Un uomo può perdere tutto e rimanere se stesso, perdere pezzi della sua storia e rimanere in piedi, può perdere casa e vestiti ma mantenere i ricordi, tuttavia, perdendo gli affetti perde se stesso, perdendo la dignità perde la vita:
“si immagini ora un uomo a cui insieme con le persone amate, vengano tolti la sua casa, le sue abitudini, i suoi abiti, tutto infine, letteralmente tutto quanto possiede: sarà un uomo vuoto, ridotto a sofferenza e bisogno, dimentico di dignità e discernimento, poiché accade facilmente, a chi ha perso tutto, di perdere se stesso,” scrive Levi.
È indicibile la sofferenza che si può provare nel non ritrovarsi più, nell'aver perso pure il proprio nome.
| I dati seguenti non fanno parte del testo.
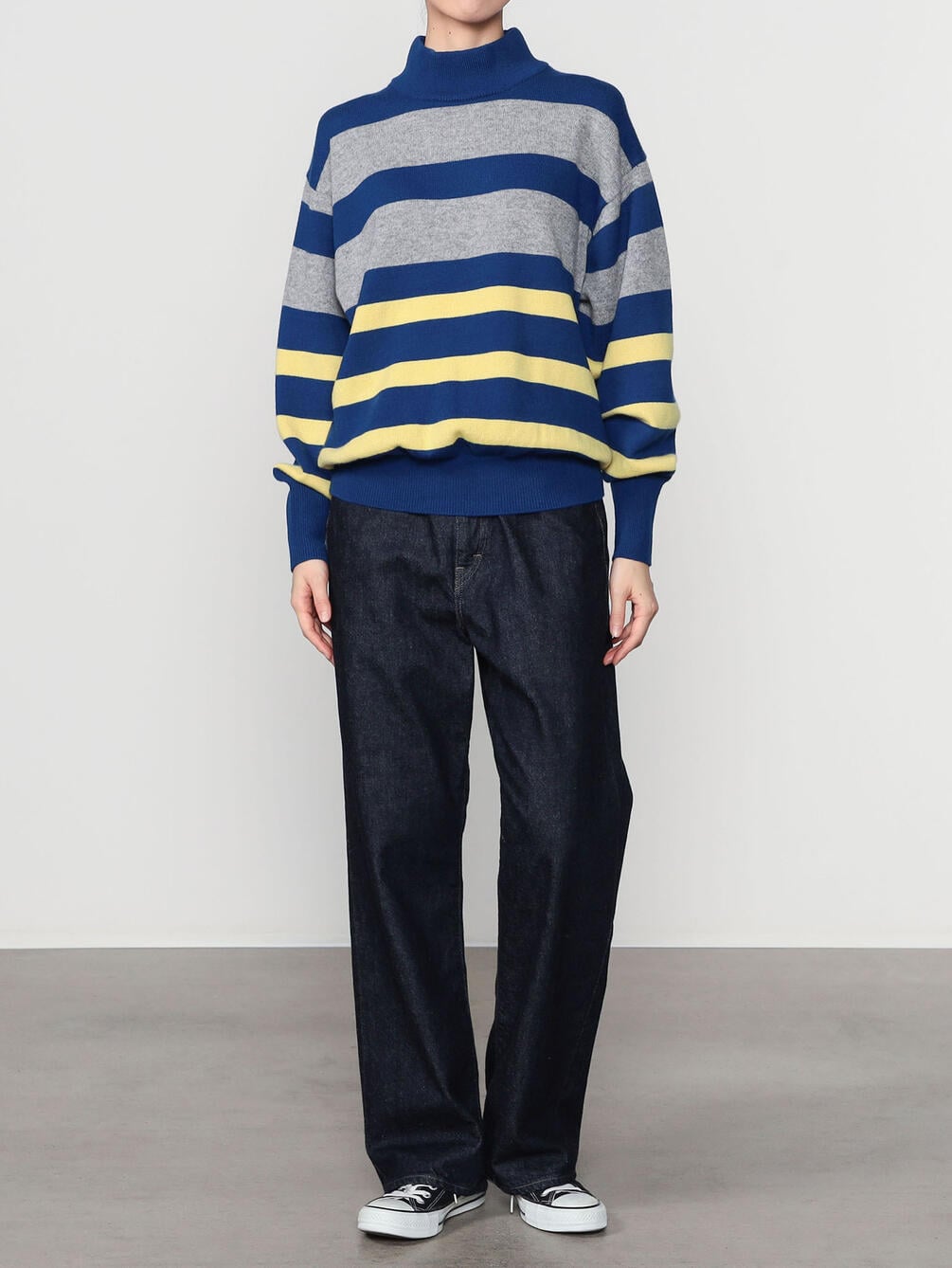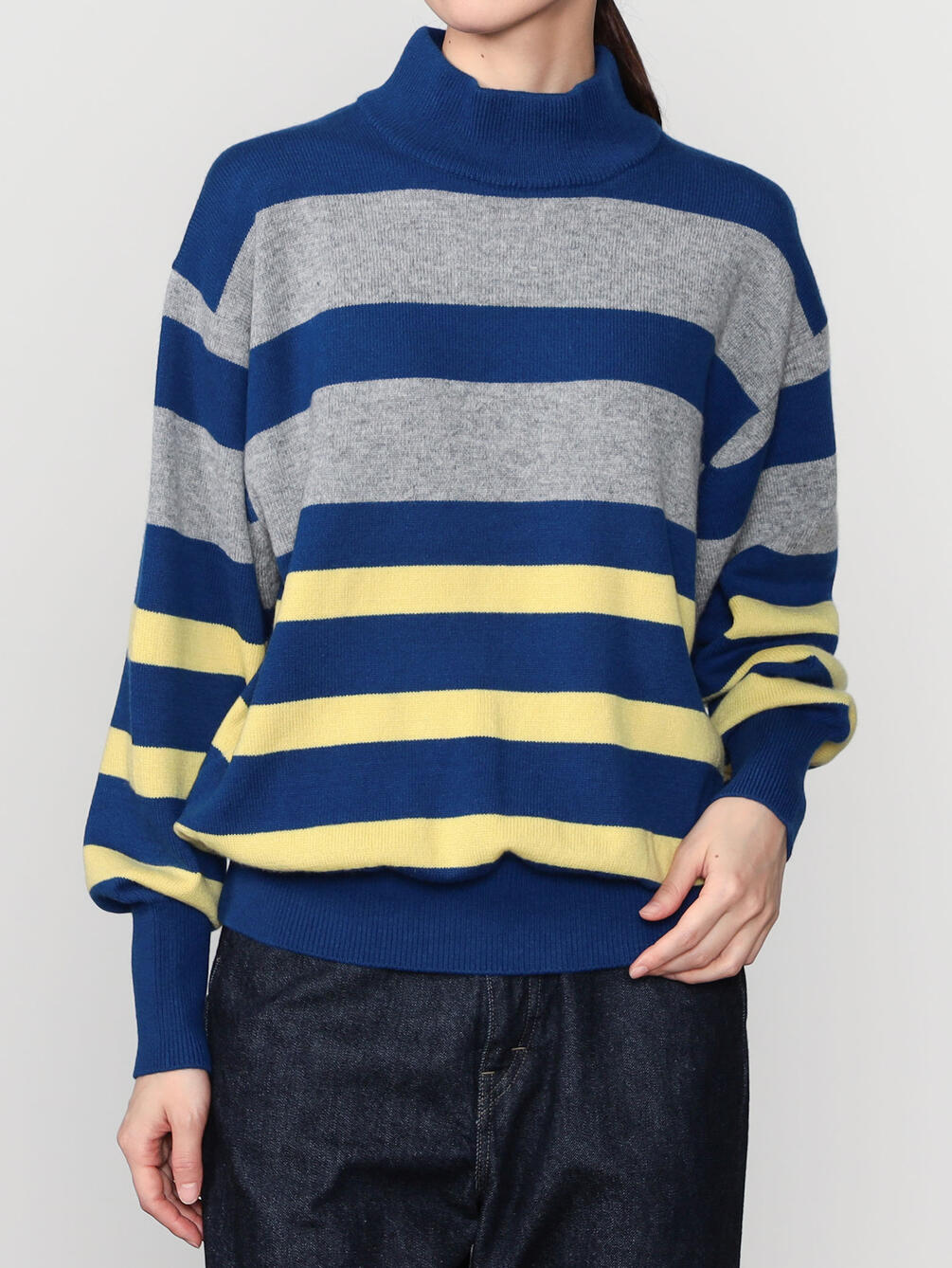 - モダンな印象のモックネックニット
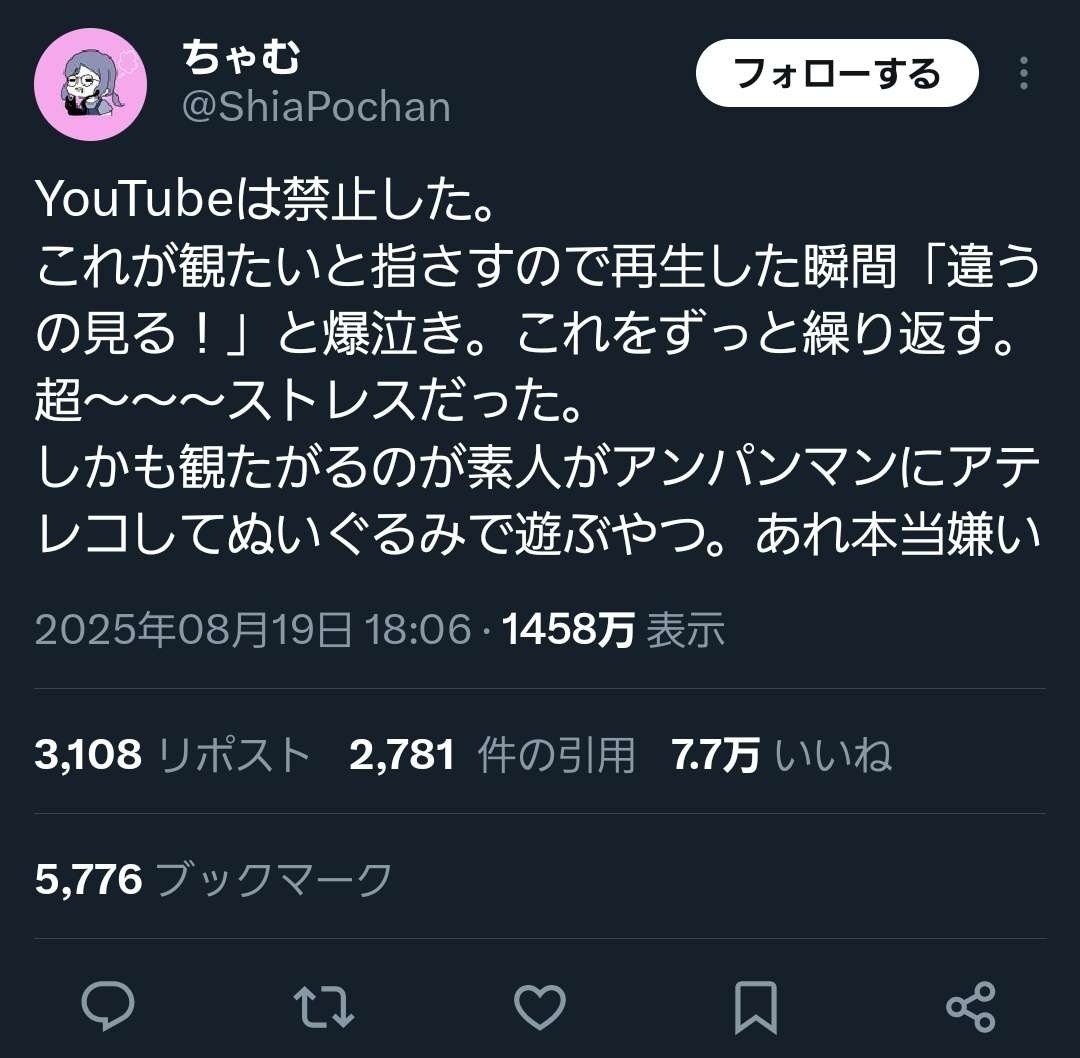 ほんとそれ。YouTube禁止というより親をスマホ禁止にしたほうがいいレベル
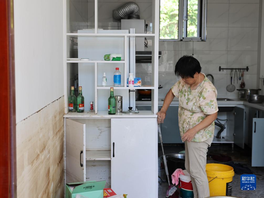 8月16日,河北淶水縣九龍鎮北龍門村村民在收拾清理家中物品。

Per chi ha tutto, è difficile comprendere come sarebbe vivere senza se stessi, essere non tra i salvati ma tra i sommersi.
Qual è il senso di vivere se siamo nella metà condannata? E come possiamo vivere se siamo nella metà fortunata?
Non possiamo tenere in piedi una realtà che condanna, che toglie la vita a chi si è sacrificato per costruirsela, o che, solamente, aveva accettato, a stento, di vivere, senza onori e gloria: ogni vita è preziosa in quanto tale. Non solo venendo uccise le persone muoiono, ma anche perdendo se stesse.
La storia insegna che la società non si è mai ripulita della sua colpa originaria di dividere il mondo in classi e di condannarne le più povere, di porre nelle mani di pochi potenti la possibilità di scegliere chi opprimere. Le violenze, l'approfittarsi, l'uccidere sono colpe di cui ancora ci si sporca le mani, atrocità che purtroppo continuano ad esistere. Anche se nel mondo siamo tutti uomini uguali, con diritti paritari e leggi che ci cuciamo addosso per difenderci e tutelarci, c'è ancora chi riesce a privare alcuni della dignità, e chi, la dignità, una volta sopravvissuto, non riesce a ritrovarla.
Siamo tutti coinvolti in questa lotta che, per essere efficiente, deve essere mossa da una volontà sincera, non un semplice “obbedire alle regole,” cosa che fa perdere la parte genuinamente umana della dignità: regole potrebbero essere quelle che legalizzano rastrellamenti, delegittimazioni, reclusioni in campi di lavoro.
Lo studio della propria cultura e della storia ci aiuta a riconoscere la violenza e a capire le motivazioni che hanno portato alla stesura della stessa Costituzione; motivazioni che però non sono state cancellate da un testo che elenca diritti, perché l'orrore è ancora là fuori, la presunzione di essere più importanti di altri miete ancora troppe vittime, opprime ancora troppe persone, e non siamo noi più liberi di loro, perché, circondati dalle nostre comodità, celebriamo tante feste della liberazione, fingendo di credere che il mondo sia stato liberato il 25 Aprile 1945 da ogni male.